**EXERCISE OBJECTIVE**
For the entries below, the expected answer is the line with "WeWoreWhat Faux Leather", the line with "Üst kısmı çift", and every line between them, exactly as written, and nothing more.

**MATERIAL FOR THIS EXERCISE**
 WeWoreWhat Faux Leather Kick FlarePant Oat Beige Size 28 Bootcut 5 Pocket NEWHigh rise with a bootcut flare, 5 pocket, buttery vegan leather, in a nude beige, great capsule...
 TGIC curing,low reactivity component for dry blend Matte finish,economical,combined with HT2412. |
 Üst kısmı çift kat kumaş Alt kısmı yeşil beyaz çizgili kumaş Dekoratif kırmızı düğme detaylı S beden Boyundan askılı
...
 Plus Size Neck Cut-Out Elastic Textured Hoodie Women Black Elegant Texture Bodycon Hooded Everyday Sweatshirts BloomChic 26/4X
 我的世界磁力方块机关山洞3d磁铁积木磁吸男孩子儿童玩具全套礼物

**ANSWER TO THIS EXERCISE**
 WeWoreWhat Faux Leather Kick FlarePant Oat Beige Size 28 Bootcut 5 Pocket NEWHigh rise with a bootcut flare, 5 pocket, buttery vegan leather, in a nude beige, great capsule...
 TGIC curing,low reactivity component for dry blend Matte finish,economical,combined with HT2412. |
 Üst kısmı çift kat kumaş Alt kısmı yeşil beyaz çizgili kumaş Dekoratif kırmızı düğme detaylı S beden Boyundan askılı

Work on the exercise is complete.